One of the main challenges that a cancer researcher or physician faces when interpreting variants is that variant information is fragmented across disparate databases. Many individual resources exist that aid in the interpretation of cancer variants, from variant prevalence,^4-6 functional impact prediction,^7-9 to manually curated biologic and clinical implications.^10-12 After collecting information from these various resources, combining and sorting them poses another challenge as the presentation of variant information is often inconsistent among different resources. These challenges are amplified in large cancer genomics research projects when thousands to millions of cancer variants need to be programmatically annotated in a high-throughput manner.

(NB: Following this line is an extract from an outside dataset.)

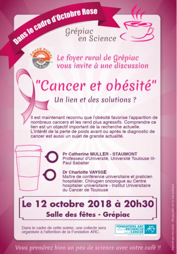 Dans le cadre de la fête de la science et d'Octobre rose, le mois de sensibilisation à la lutte contre le cancer du sein, le Foyer rural de Grépiac vous invite, le vendredi 12 octobre à 20h30 à la salle des fêtes de Grépiac, à une discussion autour du thème :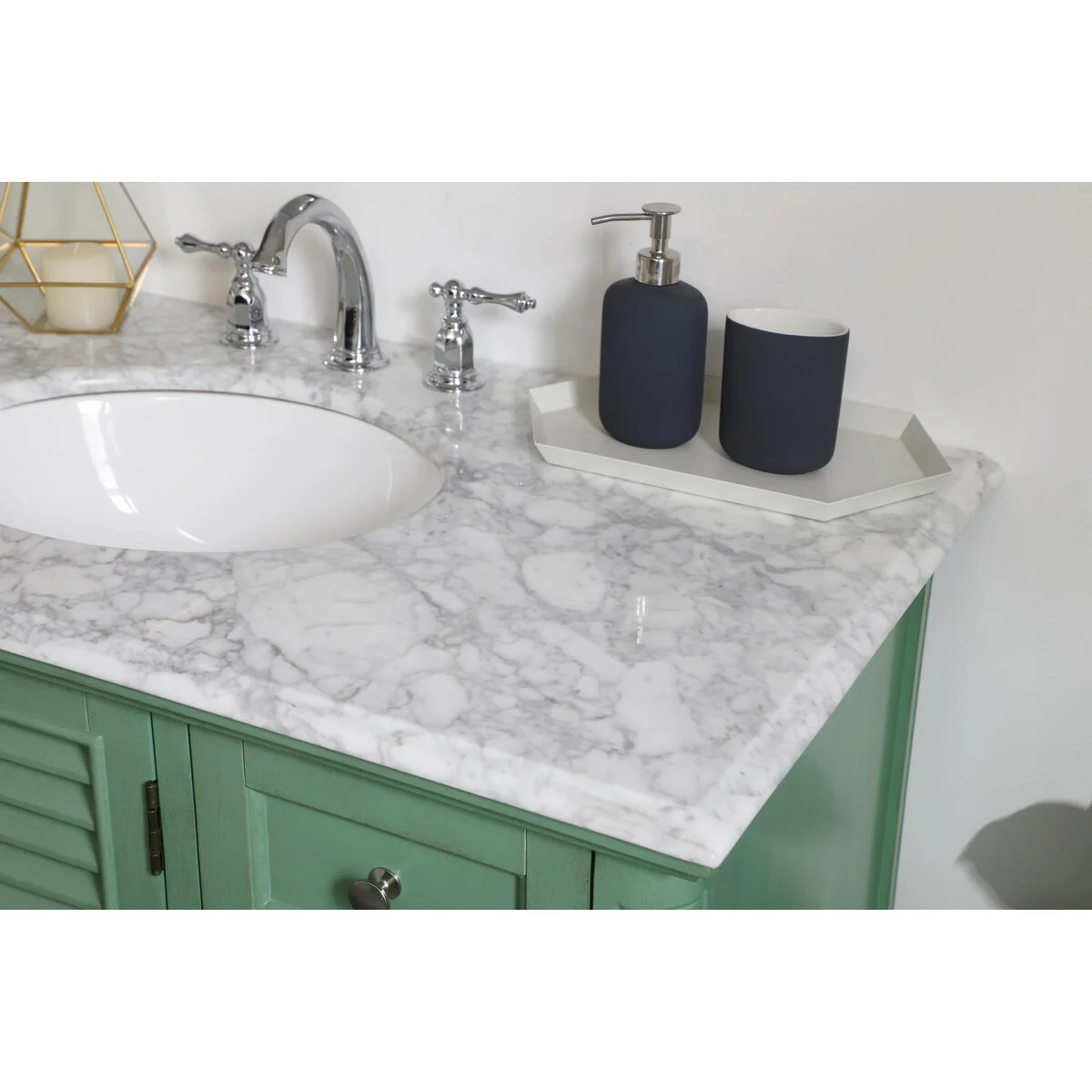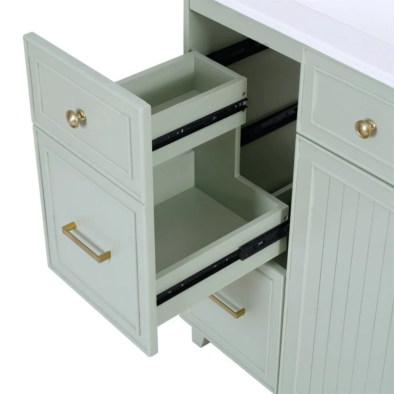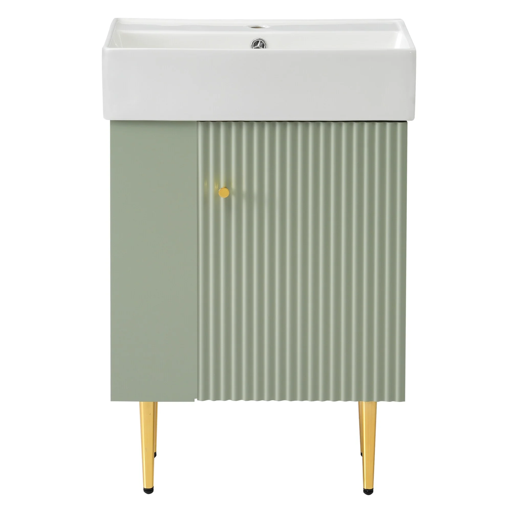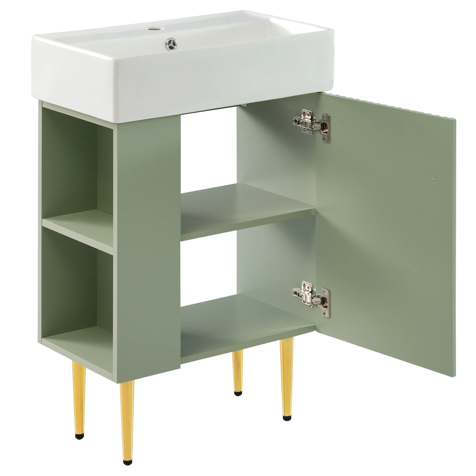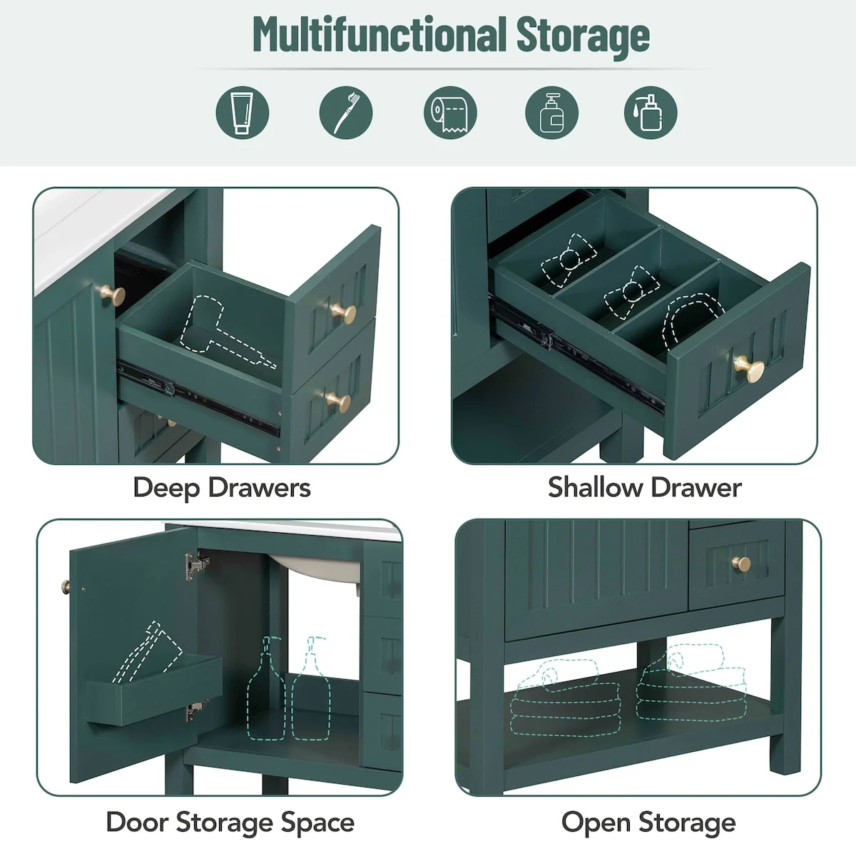 30-inch Bathroom Vanity with Ceramic Sink, Modern Green Single Bathroom Cabinet with 2 Doors and a Shelf, Soft Close Doors

To address these challenges, there is a need to build a comprehensive resource that aggregates cancer-relevant information from individual resources, standardizes and organizes them consistently, and exposes them through unified interfaces to support annotation and interpretation of a single variant, prioritization of variants in a given patient, and analysis of variants across a cohort. It is essential that such a resource has a high-performance application programming interface (API) that supports automated real-time annotation of cancer variants at scale. It is also desirable to have an intuitive user interface (UI) for querying, visualizing, and prioritizing sources of information for variant interpretation on the basis of their functional and clinical relevance to cancer. Although various efforts exist in this space,^13-19 they each have limitations: some lack API support or do not have a user-friendly web interface and others lack cancer-specific information or do not support novel variants not previously annotated, ie, variants that are unique to a sample (see the comparison of current tools in Table A1).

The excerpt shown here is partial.